ATLANTA, GA – The Food & Drug Administration (FDA) finally came to its senses today by agreeing to ban any narcotic that contains the letter D or a vowel in it. The long-awaited ban, which hopes to curb annoying drug-seeking patients and allow health care practitioners to actually practice medicine for once, starts today.
“HALLELUJAH!!” exclaimed emergency physician Todd Walters, running up and down the ED in excitement. “Can I do a dance? I think I’m gonna do a dance. VICTORY!!!! This is a great day for doctors and nurses nationwide!”
“OH BOY, OH BOY!” said giddy nurse Elaine Stevens, rubbing her hands together in eager anticipation. “This is HUGE! Now when patients ask for that drug that begins with the letter D – as if they’re fooling us with their bad acting – I can tell them the only D they’re getting is a discharge!”
FDA spokesperson Layla Michaels said the initial ban just called for narcotics with the letter D, but that left the door open for drugs like Percocet. That was fixed with the “or a vowel in it” revision.

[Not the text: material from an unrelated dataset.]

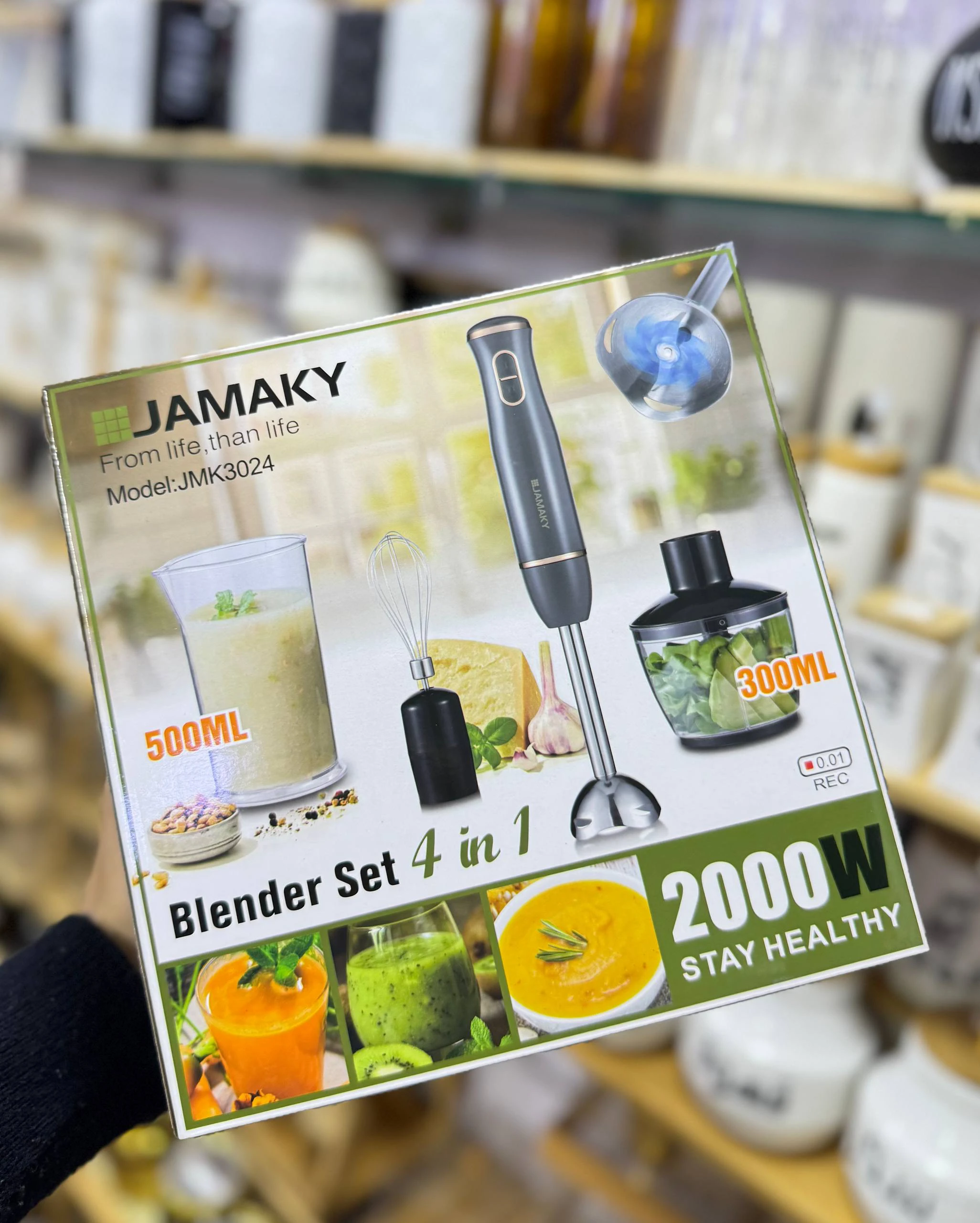 طقم خلاط جاماكي (JAMAKY) المتكامل 4 في 1يعتبر هذا الطقم أداة مثالية وعصرية لكل مطبخ، حيث يجمع بين القوة والتعدد في الاستخدام ليغنيك عن عدة أجهزة أخرى. يتميز بتصميمه الأنيق باللون الرمادي مع لمسات ذهبية جذابة. المواصفات الفنية:

Michaels added: “I think we got this one right.”
The FDA ban has been received with unanimous approval, as it now wipes narcotics like hydromorphone (Dilaudid), meperidine (Demerol), and fentanyl (Duragesic) off the table. Vicodin and Percocet are banned. Even morphine is banned since it has three vowels: O, I, and E. One can even argue that the P in morphine is an upside-down D, much like how a frown is a smile upside-down.

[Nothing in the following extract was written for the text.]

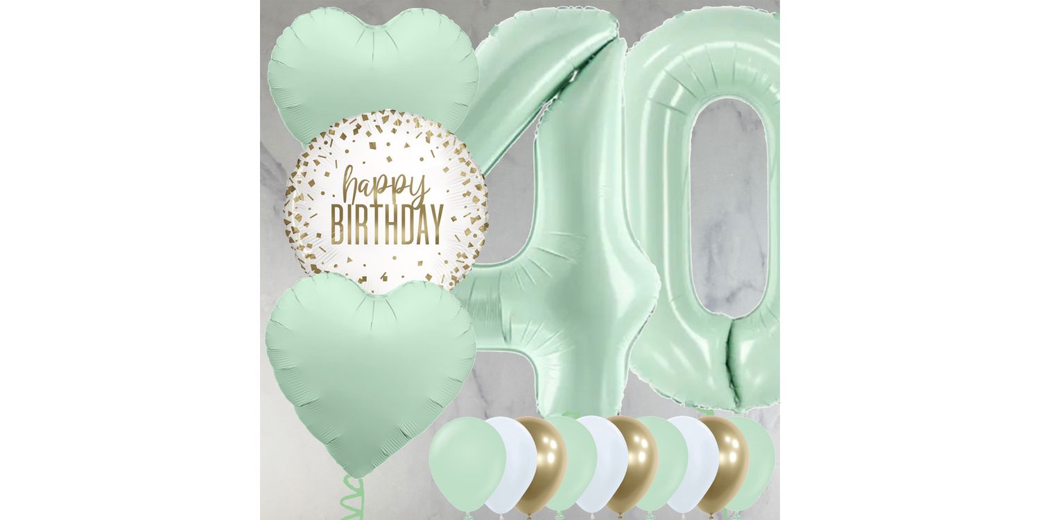 The 40th balloon package includes two 26" mint green foil balloon numbers filled with helium, plus our special foil balloon bunch including a 'Happy Birthday' design.

Health care experts expect ER visits and “BS” hospital admissions to drop by 2,100,000% and 1,500,000%, respectively, nationwide. Health care costs and provider burnout should drop as well since there will be less need for expensive tests to prove that drug-seekers are wasting their time. There could have been no better time for this FDA ban.
Tomorrow, the FDA will continue its groundbreaking work as it shifts gears and focuses its energy on how to ban the use of intravenous (IV) Benadryl.